IFRS 17 is a principles-based accounting standard and allows for alternative accounting treatments. Under IFRS 17, changes in financial assumptions can alternatively be routed through Other Comprehensive Income (OCI) (for GMM contracts), instead of the Profit and Loss account, reducing volatility
Presently, losses under lossmaking (onerous) contracts are cross-subsidized against profitable contracts, but under IFRS 17, there is the requirement to identify onerous contracts separately and also recognize the losses immediately in profit and loss account.
|Timing of Event||Event||Debit Account||Credit Account|
|Initial recognition||Insurance contract initial recognition (Onerous and non-onerous)||Insurance contract liabilities—PV of Inflow||Insurance contract liabilities—PV of outflow: insurance component|
|Insurance contract liabilities—RA|
|Insurance contract liabilities—PV of outflow: investment Component|
|Loss component of the liability||Insurance contract liabilities—CSM|
|Initial recognition||Loss component recognition||Insurance service expense—loss on onerous contracts||Loss component of the liability|
The first sample entry above is for recognition of an insurance contract.
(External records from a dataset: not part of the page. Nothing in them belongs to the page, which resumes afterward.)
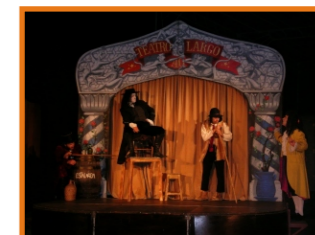
Semana Cultural de Amieira do Tejo 3 a 9 de Setembro de 2004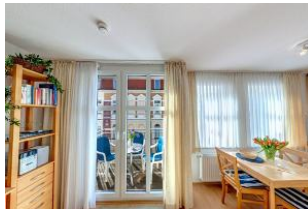
Essbereich mit Blick auf die Terrasse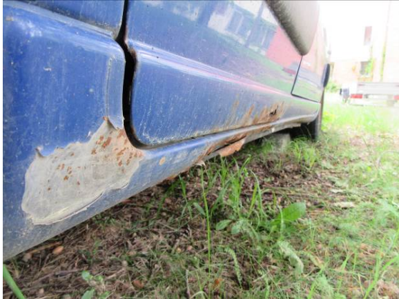
Citroen Berlingo (GP4163)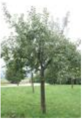
Grand Alexandre de Savoie (PAY_BS)

The respective amounts for each contract/cohort need to come from the CSM engine. As there could be reversal of CSM or reversal of the loss component at any point, one way to handle such situation would be to have entries that have both CSM and Loss component in the same entry. Similar entries need to be passed for changes to future service liabilities and that impact the CSM/Loss component. Also, as required by the standard, the loss component is immediately realized as an expense (and subsequently moved to Profit and Loss account)
When applying the new standard to reinsurance contracts, there will be challenges like differences in contract boundaries, CSM release pattern that will have to be dealt with.